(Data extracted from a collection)

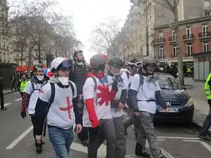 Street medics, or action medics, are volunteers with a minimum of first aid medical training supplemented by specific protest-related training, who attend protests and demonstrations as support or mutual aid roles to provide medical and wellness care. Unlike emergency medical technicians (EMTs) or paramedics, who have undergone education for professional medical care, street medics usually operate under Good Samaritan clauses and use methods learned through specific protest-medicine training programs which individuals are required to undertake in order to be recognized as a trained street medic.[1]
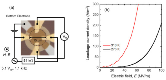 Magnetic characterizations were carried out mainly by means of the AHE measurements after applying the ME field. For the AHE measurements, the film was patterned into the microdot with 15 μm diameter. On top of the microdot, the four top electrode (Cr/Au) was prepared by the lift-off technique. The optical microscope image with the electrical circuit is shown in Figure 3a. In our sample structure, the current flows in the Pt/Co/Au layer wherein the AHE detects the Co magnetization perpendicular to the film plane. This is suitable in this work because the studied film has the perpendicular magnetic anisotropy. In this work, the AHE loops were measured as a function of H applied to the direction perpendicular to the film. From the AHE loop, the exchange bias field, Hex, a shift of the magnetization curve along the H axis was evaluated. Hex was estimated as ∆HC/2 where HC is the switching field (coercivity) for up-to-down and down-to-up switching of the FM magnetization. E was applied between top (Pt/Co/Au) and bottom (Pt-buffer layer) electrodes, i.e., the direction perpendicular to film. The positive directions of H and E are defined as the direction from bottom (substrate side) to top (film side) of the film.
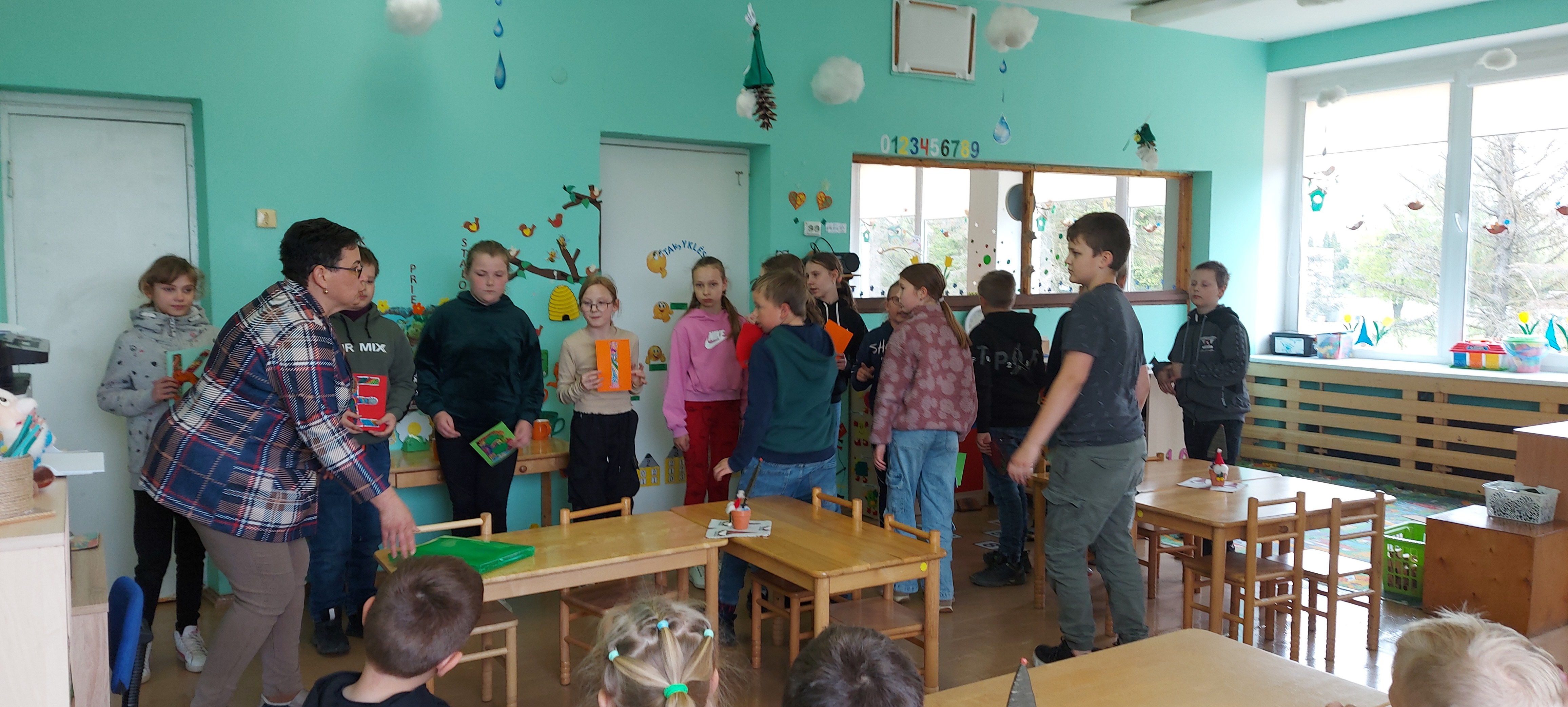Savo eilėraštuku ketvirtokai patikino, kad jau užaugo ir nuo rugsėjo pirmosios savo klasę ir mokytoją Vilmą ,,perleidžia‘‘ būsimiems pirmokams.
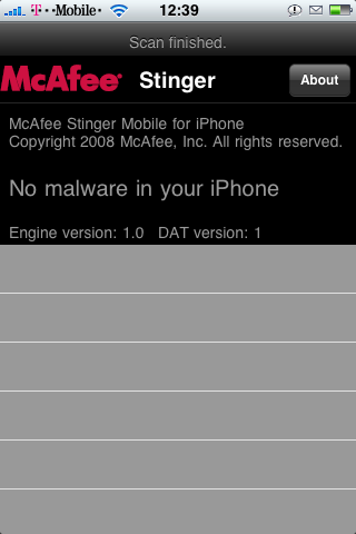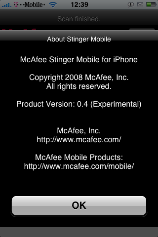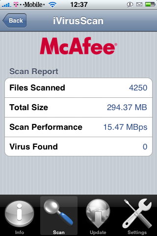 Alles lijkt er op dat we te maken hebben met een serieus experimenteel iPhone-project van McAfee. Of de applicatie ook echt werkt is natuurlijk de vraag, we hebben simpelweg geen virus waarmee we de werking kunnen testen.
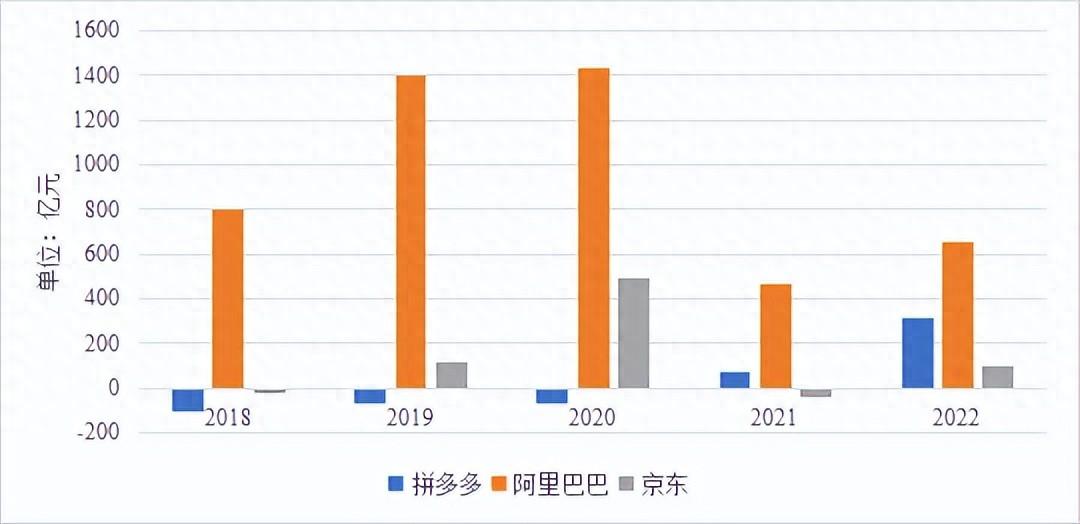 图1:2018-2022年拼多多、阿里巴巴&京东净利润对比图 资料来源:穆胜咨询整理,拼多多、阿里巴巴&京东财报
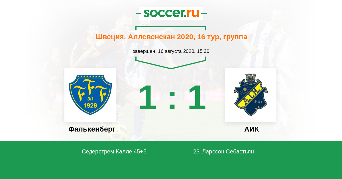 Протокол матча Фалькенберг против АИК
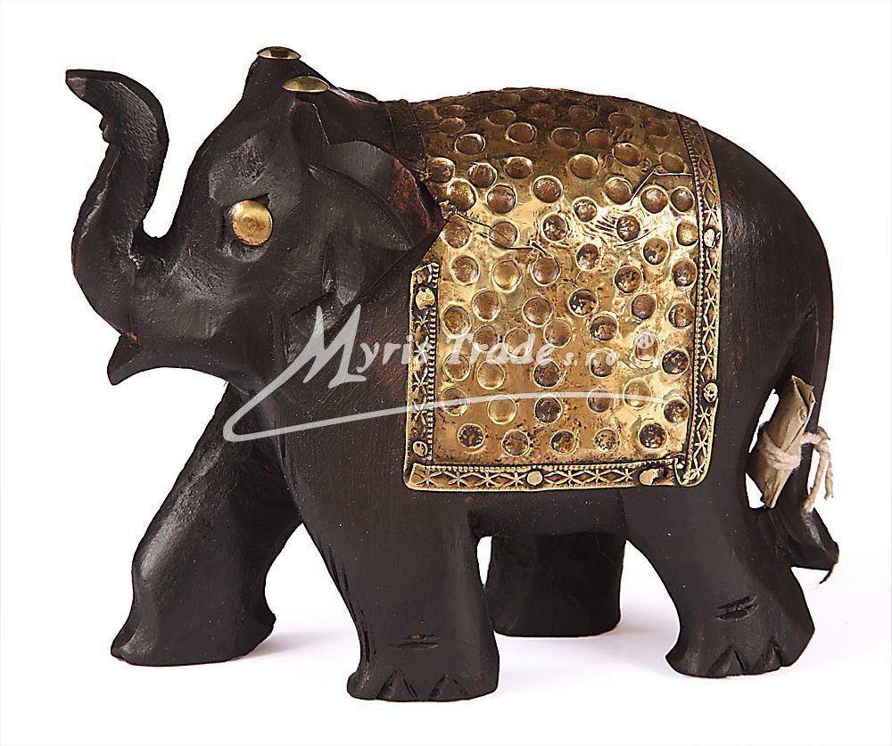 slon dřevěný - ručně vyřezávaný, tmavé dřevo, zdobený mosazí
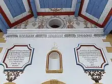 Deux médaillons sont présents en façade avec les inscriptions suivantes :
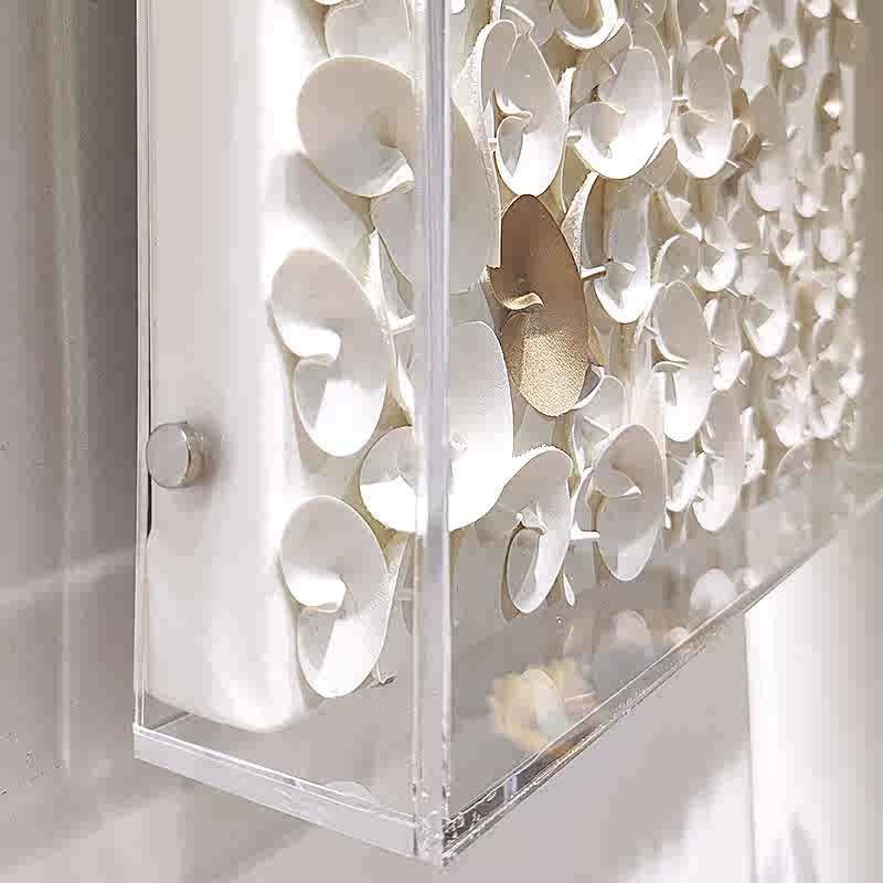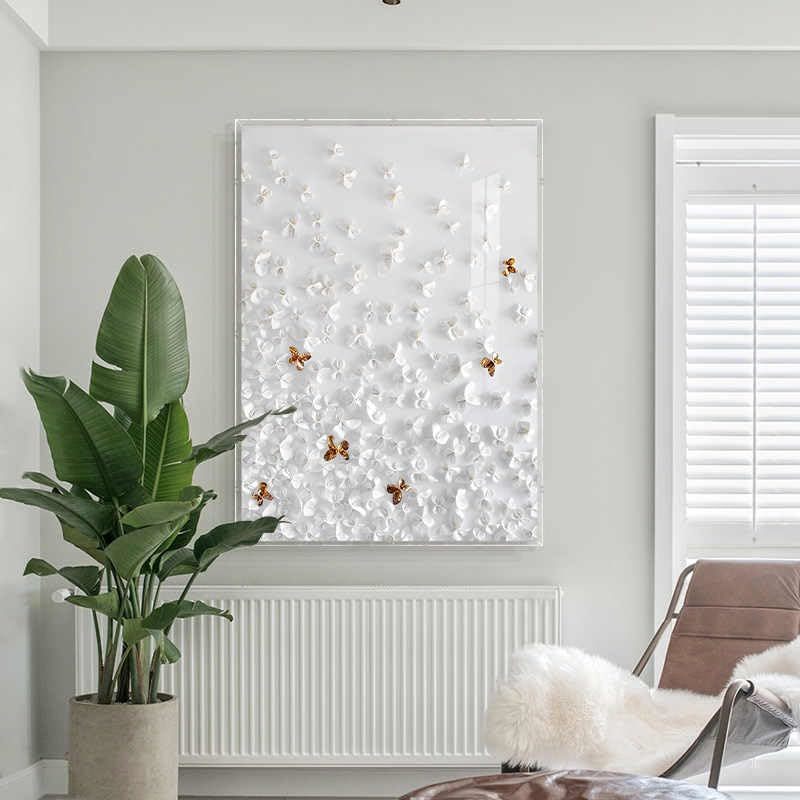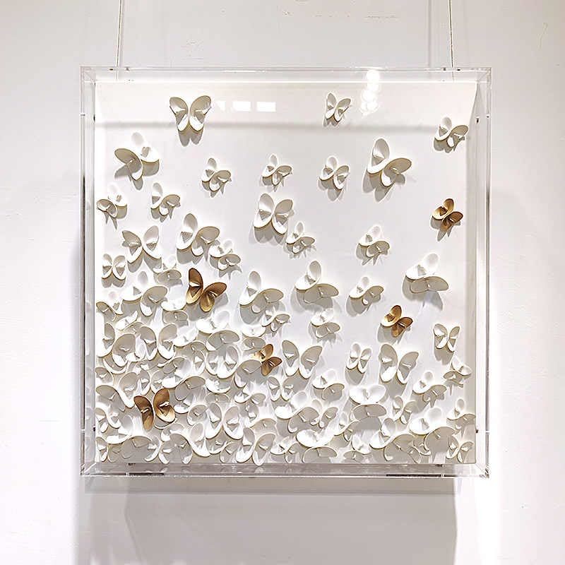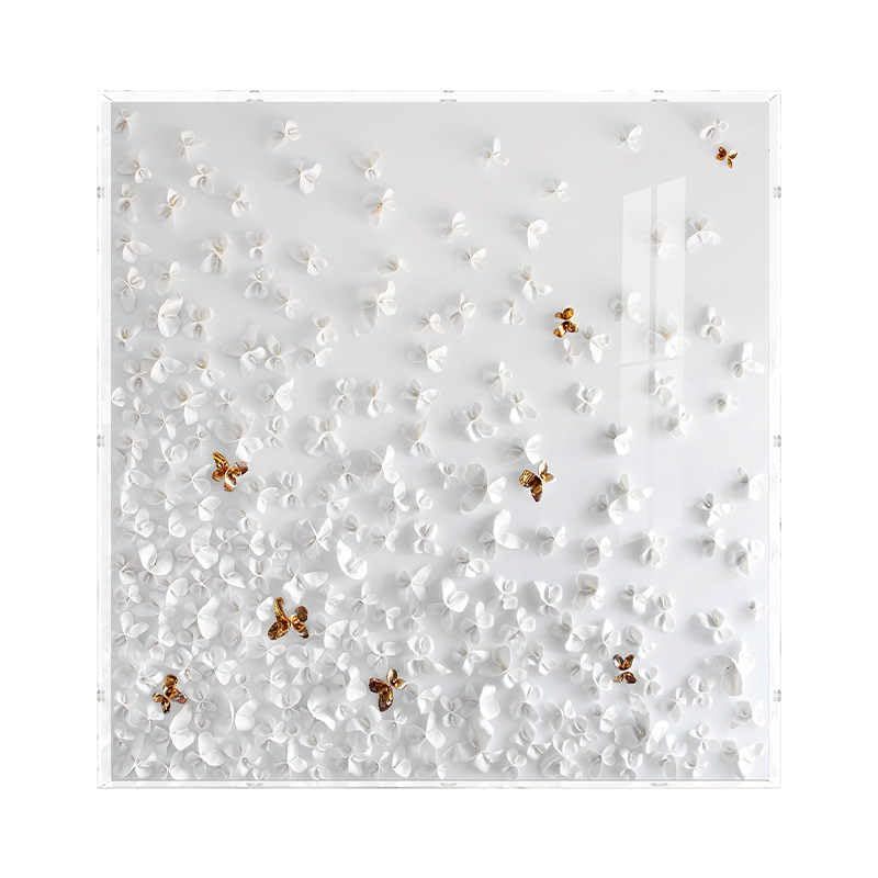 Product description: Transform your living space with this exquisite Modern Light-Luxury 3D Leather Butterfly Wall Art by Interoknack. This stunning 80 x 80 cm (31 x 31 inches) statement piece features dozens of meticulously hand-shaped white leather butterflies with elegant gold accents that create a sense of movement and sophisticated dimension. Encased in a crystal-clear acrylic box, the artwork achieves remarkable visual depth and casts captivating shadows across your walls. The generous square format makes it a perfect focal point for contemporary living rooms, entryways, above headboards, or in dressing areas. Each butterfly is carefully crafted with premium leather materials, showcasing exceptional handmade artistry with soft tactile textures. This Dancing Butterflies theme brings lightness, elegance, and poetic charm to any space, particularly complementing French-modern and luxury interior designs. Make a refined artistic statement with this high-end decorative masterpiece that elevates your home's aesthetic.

Goal of the exercise:
Give every line of the data above again as it stands; the pictures stay out.

Solution:
 Street medics, or action medics, are volunteers with a minimum of first aid medical training supplemented by specific protest-related training, who attend protests and demonstrations as support or mutual aid roles to provide medical and wellness care. Unlike emergency medical technicians (EMTs) or paramedics, who have undergone education for professional medical care, street medics usually operate under Good Samaritan clauses and use methods learned through specific protest-medicine training programs which individuals are required to undertake in order to be recognized as a trained street medic.[1]
 Magnetic characterizations were carried out mainly by means of the AHE measurements after applying the ME field. For the AHE measurements, the film was patterned into the microdot with 15 μm diameter. On top of the microdot, the four top electrode (Cr/Au) was prepared by the lift-off technique. The optical microscope image with the electrical circuit is shown in Figure 3a. In our sample structure, the current flows in the Pt/Co/Au layer wherein the AHE detects the Co magnetization perpendicular to the film plane. This is suitable in this work because the studied film has the perpendicular magnetic anisotropy. In this work, the AHE loops were measured as a function of H applied to the direction perpendicular to the film. From the AHE loop, the exchange bias field, Hex, a shift of the magnetization curve along the H axis was evaluated. Hex was estimated as ∆HC/2 where HC is the switching field (coercivity) for up-to-down and down-to-up switching of the FM magnetization. E was applied between top (Pt/Co/Au) and bottom (Pt-buffer layer) electrodes, i.e., the direction perpendicular to film. The positive directions of H and E are defined as the direction from bottom (substrate side) to top (film side) of the film.
Savo eilėraštuku ketvirtokai patikino, kad jau užaugo ir nuo rugsėjo pirmosios savo klasę ir mokytoją Vilmą ,,perleidžia‘‘ būsimiems pirmokams.
 Alles lijkt er op dat we te maken hebben met een serieus experimenteel iPhone-project van McAfee. Of de applicatie ook echt werkt is natuurlijk de vraag, we hebben simpelweg geen virus waarmee we de werking kunnen testen.
 图1:2018-2022年拼多多、阿里巴巴&京东净利润对比图 资料来源:穆胜咨询整理,拼多多、阿里巴巴&京东财报
 Протокол матча Фалькенберг против АИК
 slon dřevěný - ručně vyřezávaný, tmavé dřevo, zdobený mosazí
 Deux médaillons sont présents en façade avec les inscriptions suivantes :
 Product description: Transform your living space with this exquisite Modern Light-Luxury 3D Leather Butterfly Wall Art by Interoknack. This stunning 80 x 80 cm (31 x 31 inches) statement piece features dozens of meticulously hand-shaped white leather butterflies with elegant gold accents that create a sense of movement and sophisticated dimension. Encased in a crystal-clear acrylic box, the artwork achieves remarkable visual depth and casts captivating shadows across your walls. The generous square format makes it a perfect focal point for contemporary living rooms, entryways, above headboards, or in dressing areas. Each butterfly is carefully crafted with premium leather materials, showcasing exceptional handmade artistry with soft tactile textures. This Dancing Butterflies theme brings lightness, elegance, and poetic charm to any space, particularly complementing French-modern and luxury interior designs. Make a refined artistic statement with this high-end decorative masterpiece that elevates your home's aesthetic.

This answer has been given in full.